Wheat SNP Caller pipeline
Prof. Simon g. Krattinger, Prof. of Plant Science
Center for Desert Agriculture,
4700 King Abdullah University of Science and Technology
Thuwal 23955-6900
Kingdom of Saudi Arabia
Nagarajan Kathiresan [email protected]
Hanin Ahmed [email protected]
Michael Abrouk [email protected]
Ibex is a heterogeneous group of nodes, a mix of AMD, Intel and Nvidia GPUs with different architectures that gives the users a variety of options to work on. Overall, Ibex is made up of 320+ nodes togeter has a heterogeneous cluster and the workload is managed by the SLURM scheduler. More information is available in https://www.hpc.kaust.edu.sa/ibex
Operating System on nodes: CentOS 7.9
Scheduler : SLURM version 20.11.8
The objective of this Wheat SNP Caller pipeline is to automate and optimize the various job steps across multiple samples. To simplify the pipeline for various project requirements, we separated the pipeline into two parts: (i) Data processing and (2) Downstream analysis using GenotypeGVCFs.
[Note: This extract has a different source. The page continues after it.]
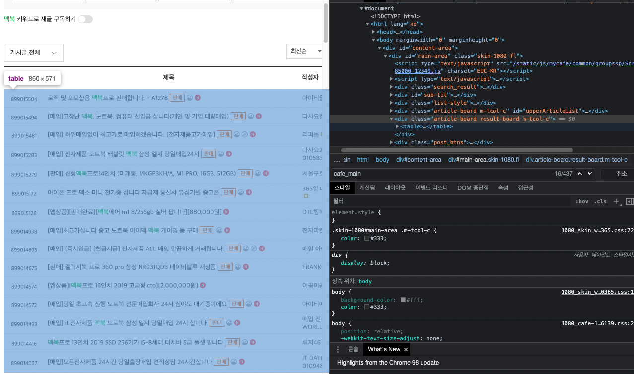 일단 저번시간 까지 했다면 중고나라 사이트에 들어가고 검색 칸에다가 '맥북' 이라고 검색해서 나오는 창까지는 만들수 있을 것이다.

We followed different steps for genome data processing (as part of best practices pipeline) that includes (a) Read trimming (b) Read mappring (c) Mark Duplicate (d) Add/Replace read groups (e) HaplotypeCalling and (f) Compress & Index the gVCF files. All these steps in the data processing pipeline are automated based on the job dependency conditions from SLURM workload scheduler and the automated scripts will accept all the samples from the given INPUT file directory. Further, the software and/or the job steps can be modified based on the various requirements of the project. We selected the optimal number of cores for each job steps based on our vaious case studies. This automated data processing script called "workflow.sh" is available for your experiments and the pipeline stages are demonstrated in Figure (a) Pipeline steps in Data processing.
List of software
trimmomatic version 0.38
bwa version 0.7.17
samtools version 1.8
gatk version 4.1.8
tabix version 0.2.6
Figure (a) Pipeline steps in Data processing
As we know, the Wheat genome size is 5x bigger than human genome. To efficiently process the GenotypeGVCFs, every chromosome will be split into multiple chunks based on the availability of the computing resources. For example, the chromosome split intervals will be smaller only when the larger number of CPU resources available. We furtehr developed a load balancing model for optimal chromosome splitting and this feature is useful for (a) reducing the execution time and (b) majority of the chunks will be completed at the sametime. Figure (b) will be an example for chromosome split table, which has four entities: (i) Chromosome number (ii) Chunk number (iii) start position and (iv) end position. This chromosome split table provides disjoint chunks and hence any GATK tools can be executed independently without any prerequisites.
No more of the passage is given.